Queensland Treasury’s tax and royalty collection arm has deployed a virtual assistant to answer simple questions about tax.

The assistant, dubbed ‘Sam’, gives taxpayers ready access to answers to questions on payroll tax, duties and grants, land tax and mining and petroleum royalties.
It is based on Nuance’s virtual assistant Nina and sits across sits across all of the Office of State Revenue's (OSR) revenue lines, including the Business Queensland and QLD Online websites.
The conversation interface is said to be capable of providing over 300 tailored responses to thousands of variations of commonly-asked questions using natural language understanding, conversation dialog and advanced resolution techniques.
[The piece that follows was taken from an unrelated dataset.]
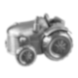 Fortinnet sparebøsse som forestiller en traktor. En kul dåpsgave å gi til barnet som skal døpes. 12 x 9 cm.

Since being deployed in February, Sam has logged more than 5000 client interactions, with at least “71 percent of enquiries resolved at the first contact”.
OSR’s deputy commissioner Simon McKee said the assistant provided another channel for taxpayers to access information.
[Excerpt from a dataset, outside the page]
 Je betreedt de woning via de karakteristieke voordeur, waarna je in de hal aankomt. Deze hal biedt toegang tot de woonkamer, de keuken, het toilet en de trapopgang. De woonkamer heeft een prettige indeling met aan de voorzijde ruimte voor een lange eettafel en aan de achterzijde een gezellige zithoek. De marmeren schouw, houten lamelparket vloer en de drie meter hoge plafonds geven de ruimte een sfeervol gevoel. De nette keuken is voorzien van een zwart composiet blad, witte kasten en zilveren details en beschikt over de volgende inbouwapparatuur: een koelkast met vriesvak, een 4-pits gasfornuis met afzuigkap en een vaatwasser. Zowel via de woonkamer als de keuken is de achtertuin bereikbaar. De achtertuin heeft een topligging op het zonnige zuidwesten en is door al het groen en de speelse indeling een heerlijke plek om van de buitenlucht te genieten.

“Sam saves taxpayers time by delivering information in a simple, conversational way and reduces the need for them to search for information on our web pages,” he said.
Nuance’s Nina is also used by the Australian Taxation Office for its ‘Alex’ virtual assistant, which was introduced in late 2015 but is now been adapted for use in the agency’s call centre.
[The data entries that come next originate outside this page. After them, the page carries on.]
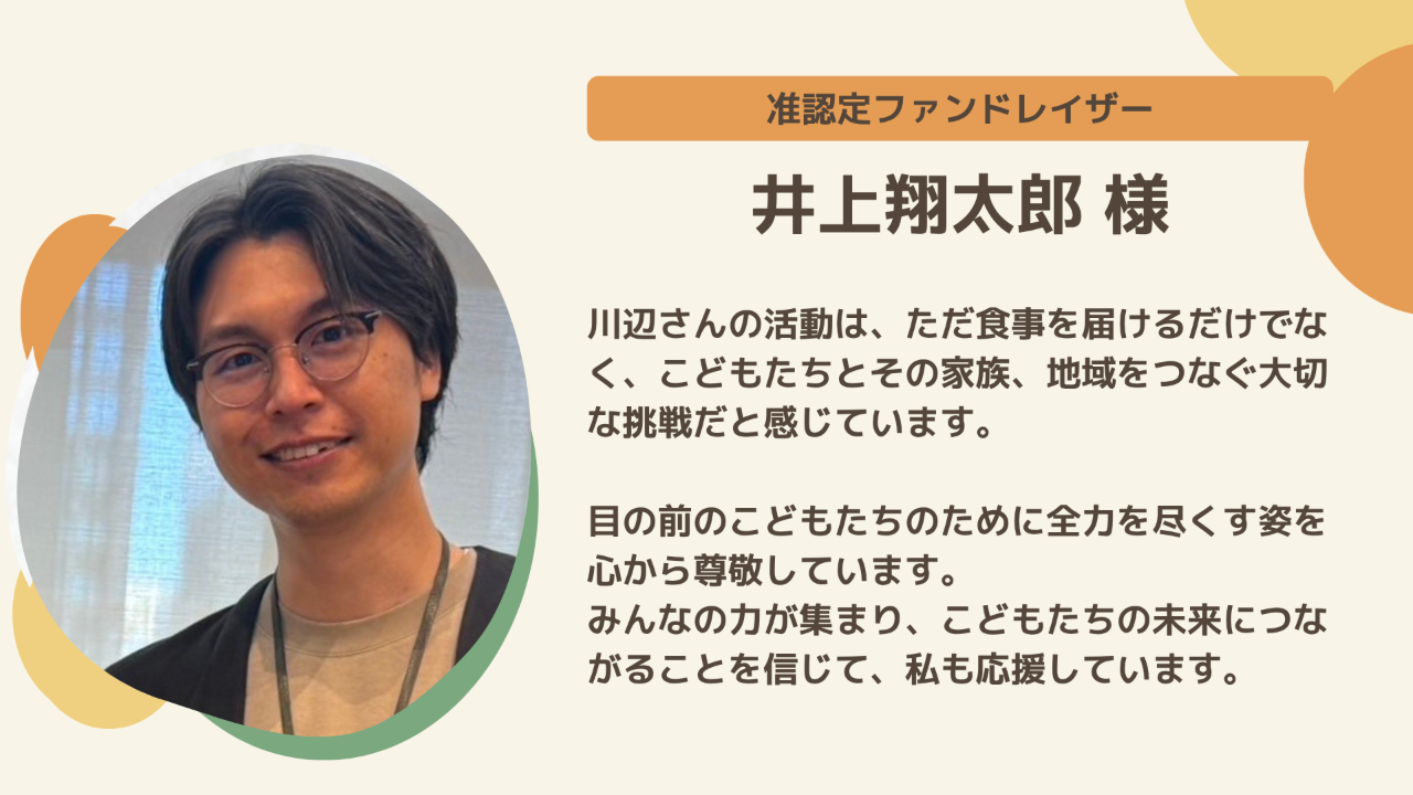 2026-04-20 20:15応援メッセージのご紹介21:井上翔太郎様(准認定ファンドレイザー)准認定ファンドレイザーの井上翔太郎様からいただいた応援メッセージをご紹介します!2026-04-20 20:15応援メッセージのご紹介21:井上翔太郎様(准認定ファンドレイザー)准認定ファンドレイザーの井上翔太郎様からいただいた応援メッセージをご紹介します!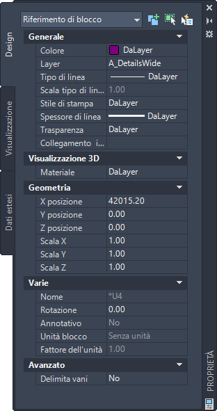 Una volta inserito un componente di dettaglio in un disegno, è possibile modificare il componente con gli strumenti disponibili nel gruppo Edita della scheda Inizio oppure con l'opzione Strumenti modifica AEC disponibile nel menu di scelta rapida del componente di dettaglio. L'utilizzo di questi strumenti su componenti di dettaglio basati su blocchi determina definizioni di blocchi univoche per gli inserti modificati, pertanto le modifiche non influiscono sugli altri inserti dello stesso blocco in posizioni diverse. Tuttavia, se si sceglie l'opzione Modifica diretta blocco per modificare una definizione di blocco utilizzata in più punti, per creare una definizione univoca del blocco inserito che si desidera modificare, è possibile scegliere l'opzione Copia definizione blocco e assegna dello stesso menu.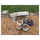 (2) Concrete Garden Benches & Misc Planters and Garden Ornaments |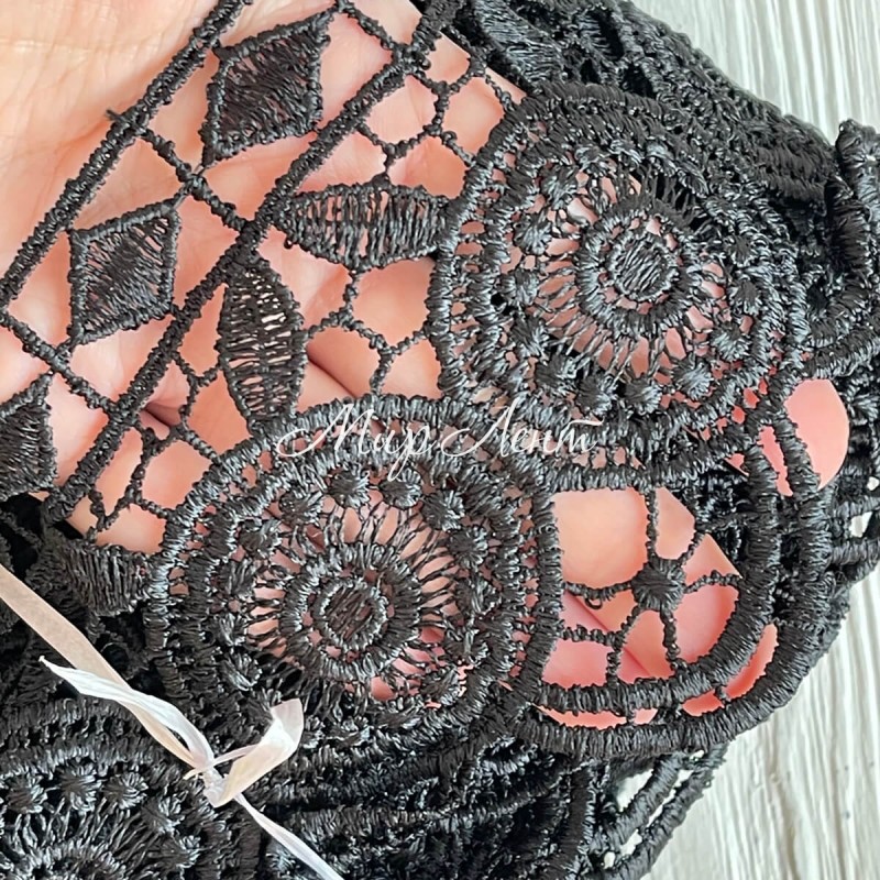 Кружево макраме широкое (KMS-11), 10,5 см, черное, рулон 9 метров
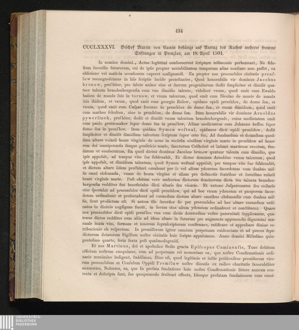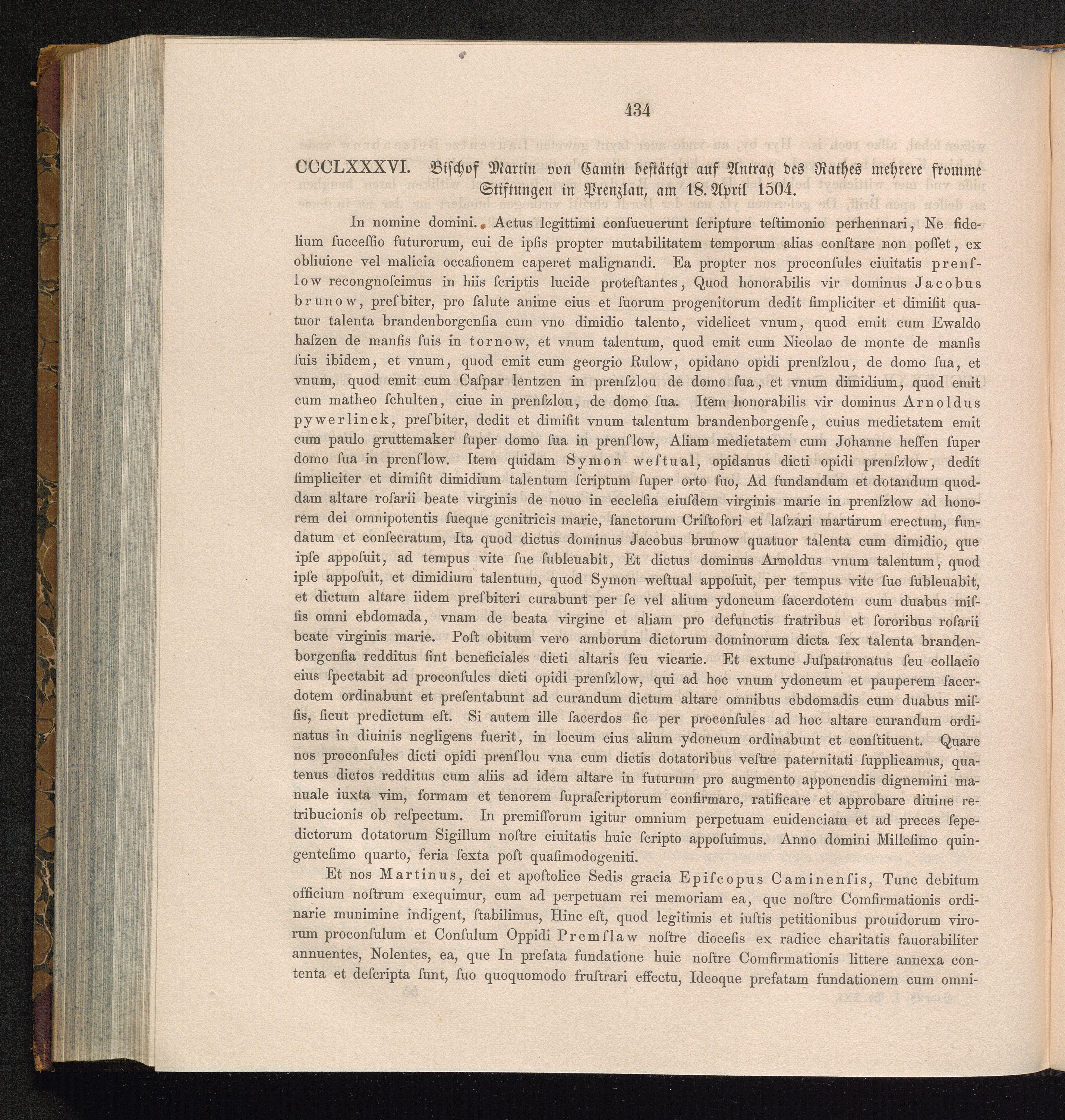CCCLXXXVI. Bischof Martin von Camin bestätigt auf Antrag des Rathes mehrere fromme[...]

Alex is also being used by IP Australia to answer general questions about trademarks.
OSR is already a relatively early adopted of machine learning algorithms as part of a three year digital transformation program of tax and revenue management.
Earlier this year it began rolling out an application built on SAP Leonardo machine learning across all state tax lines to identify taxpayers at risk of defaulting on payments.